Java tabla py无法读取pdf文件_Java_Python

Java tabla py无法读取pdf文件

java python

Java tabla py无法读取pdf文件,java,python,Java,Python,我的代码： import tabula import os dir_path = os.path.dirname(os.path.realpath(__file__)) file_path = dir_path + '\ALPINE_' + str(20191107) + '.pdf' print(file_path) df = tabula.read_pdf('ALPINE_20191107.pdf',multiple_tables=True, pages="all") 结果: runfi

我的代码：

import tabula
import os

dir_path = os.path.dirname(os.path.realpath(__file__))
file_path = dir_path + '\ALPINE_' + str(20191107) + '.pdf'
print(file_path)
df = tabula.read_pdf('ALPINE_20191107.pdf',multiple_tables=True, pages="all")

结果:

runfile('C:/Users/Admin/Documents/lucas/testTabula.py.py', wdir='C:/Users/Admin/Documents/lucas')
Traceback (most recent call last):

  File "<ipython-input-29-a6b390aef3cf>", line 1, in <module>
    runfile('C:/Users/Admin/Documents/lucas/sem título0.py', wdir='C:/Users/Admin/Documents/lucas')
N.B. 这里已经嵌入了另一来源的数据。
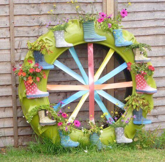 Take an old tractor tire, paint it a soft color, and use it as a backdrop for upcycled miniature rubber boots filled with lovely flowers. Secure the boots to the tire with nails or small pieces of wood. It’s a delightful and eye-catching display, especially for kids.

  File "C:\ProgramData\Anaconda3\lib\site-packages\spyder_kernels\customize\spydercustomize.py", line 827, in runfile
    execfile(filename, namespace)

  File "C:\ProgramData\Anaconda3\lib\site-packages\spyder_kernels\customize\spydercustomize.py", line 110, in execfile
    exec(compile(f.read(), filename, 'exec'), namespace)

  File "C:/Users/Admin/Documents/lucas/sem título0.py", line 12, in <module>
    df = tabula.read_pdf('ALPINE_20191107.pdf',multiple_tables=True, pages="all")

  File "C:\ProgramData\Anaconda3\lib\site-packages\tabula\io.py", line 332, in read_pdf
    return _extract_from(raw_json, pandas_options)

  File "C:\ProgramData\Anaconda3\lib\site-packages\tabula\io.py", line 664, in _extract_from
    df[c] = pd.to_numeric(df[c], errors="ignore")

  File "C:\ProgramData\Anaconda3\lib\site-packages\pandas\core\tools\numeric.py", line 138, in to_numeric
    raise TypeError("arg must be a list, tuple, 1-d array, or Series")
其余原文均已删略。